Яра, закутавшись в шаль, стояла среди своих домочадцев. Уже овладела собой, даже других успокаивала, отправляла вниз.
– Мирину станем будить? – спросил кто-то. – Ну, чтобы поведать все.
Озар ответил не сразу. Но Яра через долгую тягостную минуту произнесла твердо:
– Нечего хозяйку до поры до времени тревожить. Утро вечера мудренее, вот завтра и узнает все. Случившееся не самая радостная весть, чтобы из-за нее поднимать среди ночи беременную госпожу. Да и обошлось уже.

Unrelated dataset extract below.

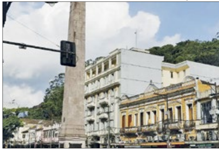
Defesa Civil evacuou Rua do Imperador no início da chuva

O transbordamento do rio Quitandinha fez com que entrasse água em algumas lojas, mas comerciantes relataram que os alertas feitos dias antes das chuvas, ajudaram a prevenir a perda
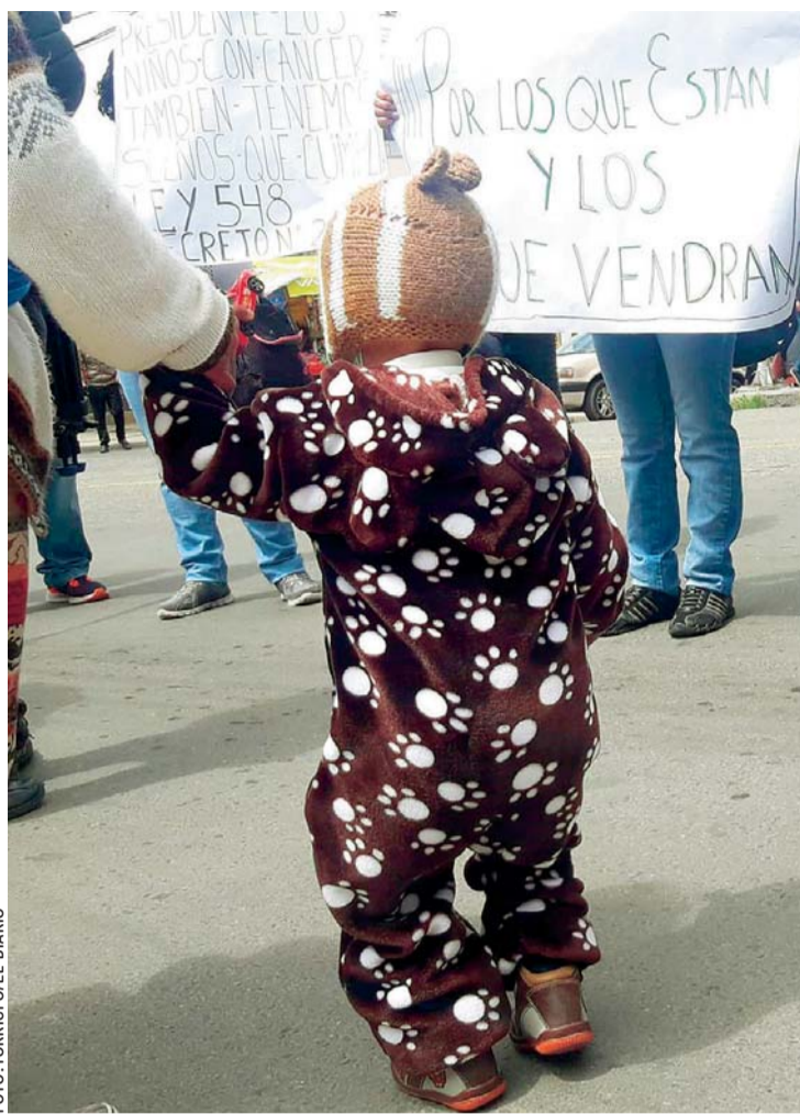
MARCHA DE NIÑOS CON CÁNCER EN LA SEDE DE GOBIERNO.

“Seis individuos ingresaron a la galería comercial Shopping Center Graneros, maniatando a la hija del propietario y al portero de 61 años. Los delincuentes buscaban en el edificio, de siete pisos, el departamento o ambiente donde se tiene guardado oro, pero la llegada de nuestro personal al parecer frustró el robo”, declaró.

Вот и разошлись все потихоньку. Яра вместе с остальными челядинцами сошла в истобку: не могла она оставаться в столь любимой ранее горенке, где с ней только что такое страшное чуть не случилось. Озар смотрел, как она спускается вместе со всеми, оглядывается на него – светлоликая, с растрепанными, как льняная кудель, волосами, с повязкой на горле. Как же вовремя он поспел! И сейчас волхву больше всего хотелось побыть с ней, приголубить, приласкать. Может, окликнуть ее, позвать? Хотя после того, что она, бедная, перенесла, ей больше покой и сон нужны, чем объятия Озара.
А рядом топтался мрачный Моисей.
– Иди и ты отдохни, служитель. Я Вышебора не выпущу. Я ему потакал, мне и ответ перед Добрыней держать.
«Добрыню только одно интересует – кто Дольму заказал», – подумал Озар. Да и компания хазарина ему сейчас была вовсе некстати. Однако тот упрямо не уходил – опустился под бревенчатой стеной, сидел с поникшей головой, так что его иссиня-черный чуб свесился на чело. Ну не пиками же его гнать. Пусть уж торчит тут. Озару пока есть о чем поразмыслить. Ибо он не забыл еще, что Добрыня в их последнюю встречу сказал: если еще хоть одна смерть случится в усадьбе, спрашивать он будет с Озара. И собратьев его по вере уже не помилует. Но разве не для того Озар тут, чтобы волхвов спасти? А потому предстоящий разговор с воеводой надо как следует обмозговать. Хорошо еще, что вовремя успел вернуться и удержать Вышебора. На это и станет Добрыне указывать.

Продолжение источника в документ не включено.